What the task asks
Images are to be dropped, and the rest of the data reproduced exactly.

Given information
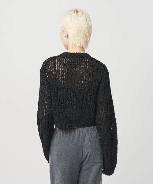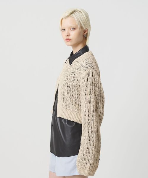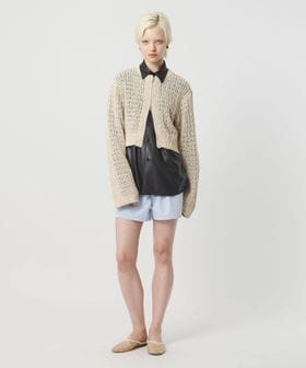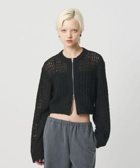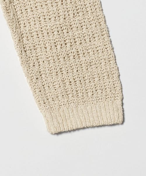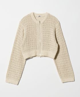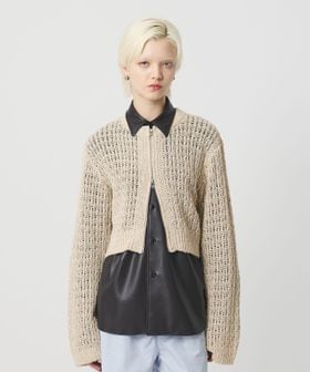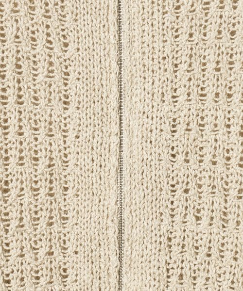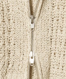 透かし編みの表情がセンシュアルな華やかさを添える、ローゲージカーディガンです。コットン×麻×シルクの太番手糸を使用し、ヴィンテージ感のあるカラーと相まったナチュラルな表情が魅力です。すっきりとしたレングスに、長めのスリーブと太めの袖口が、さりげなくも印象的なスタイルを演出。逆開ファスナーで着こなしのアレンジも効き、羽織兼トップスとして楽しめるカーディガンは、気負わず袖を通せるおすすめの一着。
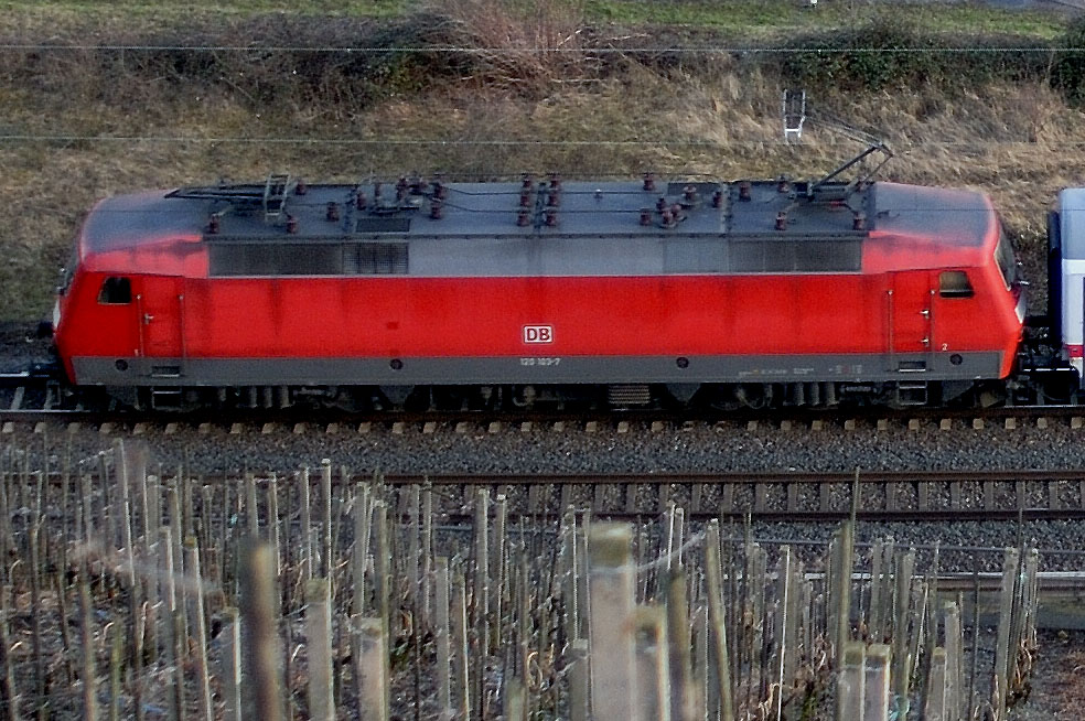 丘に登ります。晴れ、曇り、雨、霙、そして吹雪と、目まぐるしく変わる天気に春を感じつつ、4年ぶりのライン渓谷を撮り歩きました。Boppardのブドウ畑には冬を越した細い幹が斜面一面を埋め尽くしていました。雲間から薄日が射すなか、120型牽引のICが北上してきました。 120 103-7, IC2024 Frankfurt(M) Hbf → Hamburg-Altona Boppard-Spay |
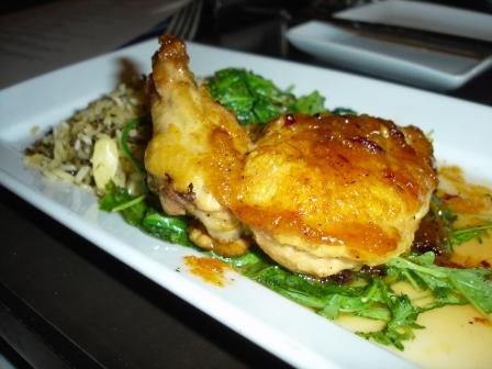 and fresh baby mint, arugula, baby vegetables, almond rice pilaf)

Your solution
 透かし編みの表情がセンシュアルな華やかさを添える、ローゲージカーディガンです。コットン×麻×シルクの太番手糸を使用し、ヴィンテージ感のあるカラーと相まったナチュラルな表情が魅力です。すっきりとしたレングスに、長めのスリーブと太めの袖口が、さりげなくも印象的なスタイルを演出。逆開ファスナーで着こなしのアレンジも効き、羽織兼トップスとして楽しめるカーディガンは、気負わず袖を通せるおすすめの一着。
 丘に登ります。晴れ、曇り、雨、霙、そして吹雪と、目まぐるしく変わる天気に春を感じつつ、4年ぶりのライン渓谷を撮り歩きました。Boppardのブドウ畑には冬を越した細い幹が斜面一面を埋め尽くしていました。雲間から薄日が射すなか、120型牽引のICが北上してきました。 120 103-7, IC2024 Frankfurt(M) Hbf → Hamburg-Altona Boppard-Spay |
 and fresh baby mint, arugula, baby vegetables, almond rice pilaf)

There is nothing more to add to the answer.